My primary field is early American history, in which I focus on eighteenth-century political culture and intellectual history. I am especially interested in the later colonial period and the coming of the American Revolution, primarily in the middle colonies. I am also interested in the Enlightenment in America, print culture, history of the book, and the history of New York City.
Some of my previous research has focused on the political economy of popular resistance in New York City during the imperial crisis, the Enlightenment in print in colonial New York, and the cultural conflict between the first generation of native-born, High-Church Anglican clergy and the dissenting intelligentsia in the middle colonies during the 1740s and 1750s.

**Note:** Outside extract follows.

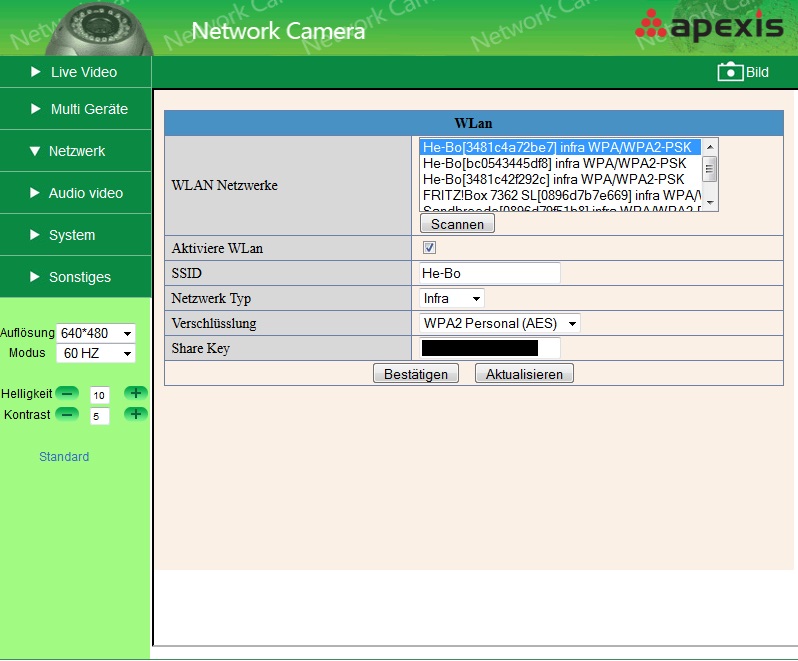 Hier ein Screenshot von meiner W-Lan seite der Cam
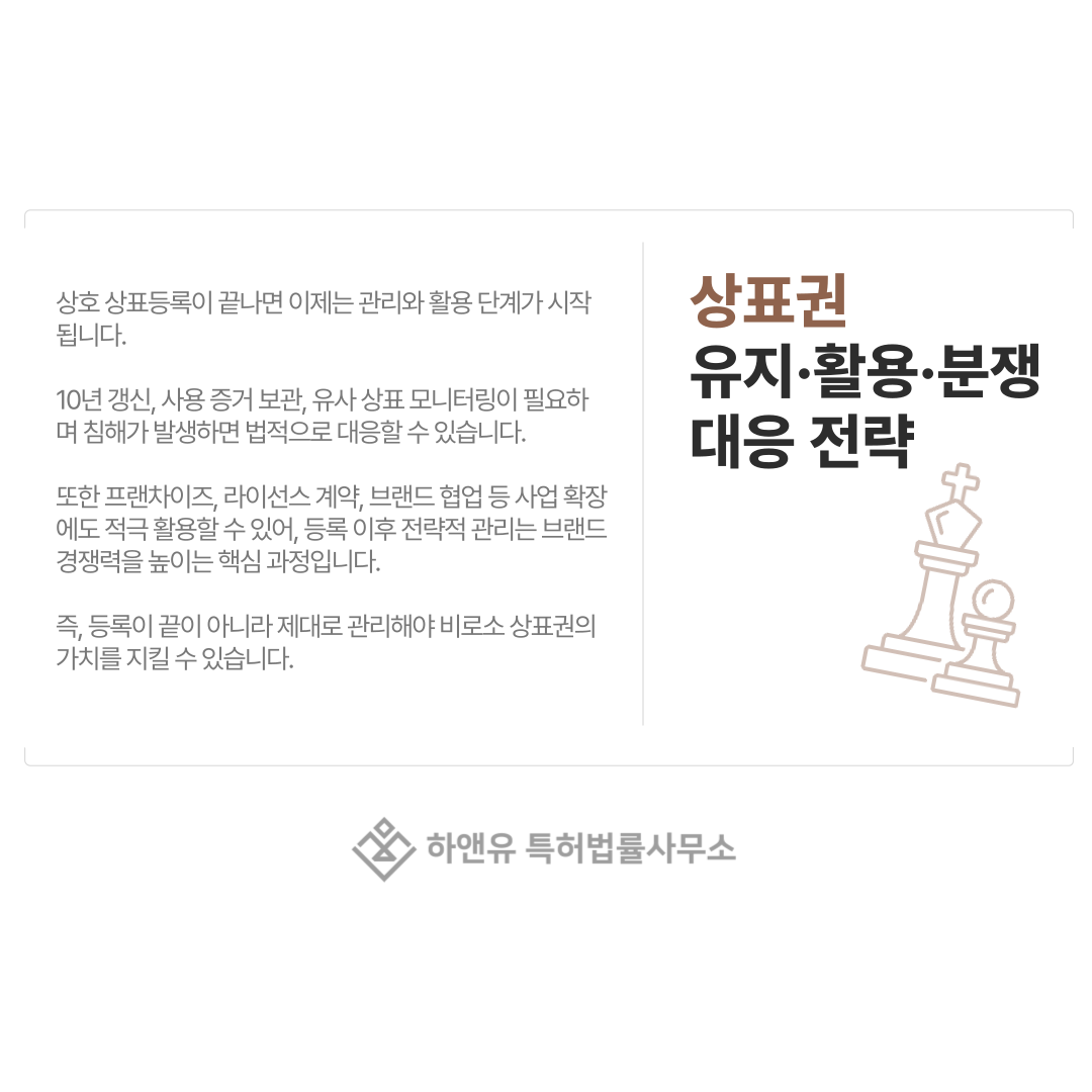 또한 상표는 등록이 끝이 아니라 이후 운영과 관리가 매우 중요합니다.

My current research (and eventual dissertation) explores cultural memory in British North America, specifically colonists’ historical memory of the Revolution of 1688 and the English Civil Wars and the ways in which it shaped colonial political culture and discourse, colonial imperial identity, and internal religious conflict and competition.
I also write about the intersections between the eighteenth century and our current political culture. In addition to The Junto, I have contributed to “Publick Occurrences 2.0” at Common-place and wrote a piece on young historians and social media for Readex’s quarterly publication and blog, which was included in the AHA’s weekly “What We’re Reading.” I am also currently a Research Assistant at the Papers of Benjamin Franklin.